Muniland was quiet today as market participants confined the bloodbath to the equity markets. Investors mainly sat on the sidelines and benchmark yields were unchanged. The Thomson Reuters Municipal Market Data 10-Year AAA Scale closed at 2.38%, unchanged from Friday. Reported volumes were light.
The worst muniland event of the day occurred when Moody’s announced that they had cut Puerto Rico’s general obligation debt rating to Baa1, a level close to the bottom of the investment grade scale. Because it is a territory, Puerto Rico has the unique distinction of enjoying national exemption from local and state taxes, so its debt is widely held across America. It is also among the cheapest municipal bonds available because the market believes it has some likelihood of default due to high levels of debt and unfunded pension liabilities.
The muniland non-story that commanded headlines was the expected downgrade of state and local bonds due to the Standard & Poor’s downgrade of the United States. Chris Mauro of RBC Capital Markets has some very good analysis about the arcana of this market and how the headlines are wildly overblown:
Because most municipal bonds are structured with serial and term maturities, the $2.9 trillion municipal bond market contains about 1.2 million individual CUSIPs, compared to about 75,000, for example for the US corporate bond market. As a result, S&P’s anticipated downgrade of pre-refunded municipal bonds and other directly linked bonds will, in the aggregate, produce a very attention-getting headline number.

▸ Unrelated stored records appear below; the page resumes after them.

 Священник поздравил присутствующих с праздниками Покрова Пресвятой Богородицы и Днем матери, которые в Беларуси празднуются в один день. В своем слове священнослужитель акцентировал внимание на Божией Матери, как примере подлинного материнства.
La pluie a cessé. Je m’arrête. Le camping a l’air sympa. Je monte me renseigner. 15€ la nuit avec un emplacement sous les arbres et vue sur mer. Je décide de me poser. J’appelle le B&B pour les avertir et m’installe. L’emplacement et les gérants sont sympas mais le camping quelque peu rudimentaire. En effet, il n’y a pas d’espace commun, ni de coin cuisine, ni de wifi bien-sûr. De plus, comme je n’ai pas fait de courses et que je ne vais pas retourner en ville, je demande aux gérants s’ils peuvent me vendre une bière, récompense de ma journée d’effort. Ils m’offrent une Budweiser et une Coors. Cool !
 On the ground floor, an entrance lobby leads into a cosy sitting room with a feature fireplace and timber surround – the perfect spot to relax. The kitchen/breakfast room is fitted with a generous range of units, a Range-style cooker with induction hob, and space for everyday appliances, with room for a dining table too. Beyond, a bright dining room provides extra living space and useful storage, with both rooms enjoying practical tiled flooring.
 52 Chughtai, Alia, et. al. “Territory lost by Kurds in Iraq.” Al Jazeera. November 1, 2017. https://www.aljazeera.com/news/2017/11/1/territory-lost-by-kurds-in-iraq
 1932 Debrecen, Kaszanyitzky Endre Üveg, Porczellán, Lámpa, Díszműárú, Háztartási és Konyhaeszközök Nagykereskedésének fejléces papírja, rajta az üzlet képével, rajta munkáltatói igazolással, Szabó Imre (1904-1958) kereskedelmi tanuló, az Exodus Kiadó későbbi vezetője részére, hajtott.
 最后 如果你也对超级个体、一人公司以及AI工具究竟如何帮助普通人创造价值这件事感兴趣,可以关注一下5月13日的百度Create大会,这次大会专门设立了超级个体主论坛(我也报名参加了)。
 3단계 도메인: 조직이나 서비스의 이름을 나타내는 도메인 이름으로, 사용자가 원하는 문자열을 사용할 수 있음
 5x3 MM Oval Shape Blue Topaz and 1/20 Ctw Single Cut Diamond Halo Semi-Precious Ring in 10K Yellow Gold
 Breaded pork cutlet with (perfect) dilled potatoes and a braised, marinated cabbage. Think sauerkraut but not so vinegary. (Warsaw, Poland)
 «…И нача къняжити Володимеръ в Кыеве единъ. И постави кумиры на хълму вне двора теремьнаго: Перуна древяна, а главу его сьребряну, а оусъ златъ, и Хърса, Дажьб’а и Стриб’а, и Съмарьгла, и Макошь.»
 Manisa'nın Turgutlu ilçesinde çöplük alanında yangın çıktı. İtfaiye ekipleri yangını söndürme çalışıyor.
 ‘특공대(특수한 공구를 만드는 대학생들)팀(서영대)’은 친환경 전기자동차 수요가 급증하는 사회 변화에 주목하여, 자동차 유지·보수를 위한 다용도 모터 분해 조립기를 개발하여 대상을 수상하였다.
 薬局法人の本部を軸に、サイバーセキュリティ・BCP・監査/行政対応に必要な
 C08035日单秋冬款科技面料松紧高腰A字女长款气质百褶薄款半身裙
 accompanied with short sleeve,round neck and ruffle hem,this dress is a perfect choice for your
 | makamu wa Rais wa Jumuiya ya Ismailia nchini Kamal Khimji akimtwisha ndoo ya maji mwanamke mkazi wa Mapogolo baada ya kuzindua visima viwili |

We anticipate that most media outlets will run with this figure and highlight “thousands of municipal bond downgrades” in their headlines. We note, for example, that Moody’s, in its July 13, 2011 report on the potential implications of a US rating downgrade, identified 7,000 directly linked municipal ratings with approximately $130 billion in par value. Our immediate concern is that these kinds of headlines will prompt retail investors to engage in another wave of mutual fund selling.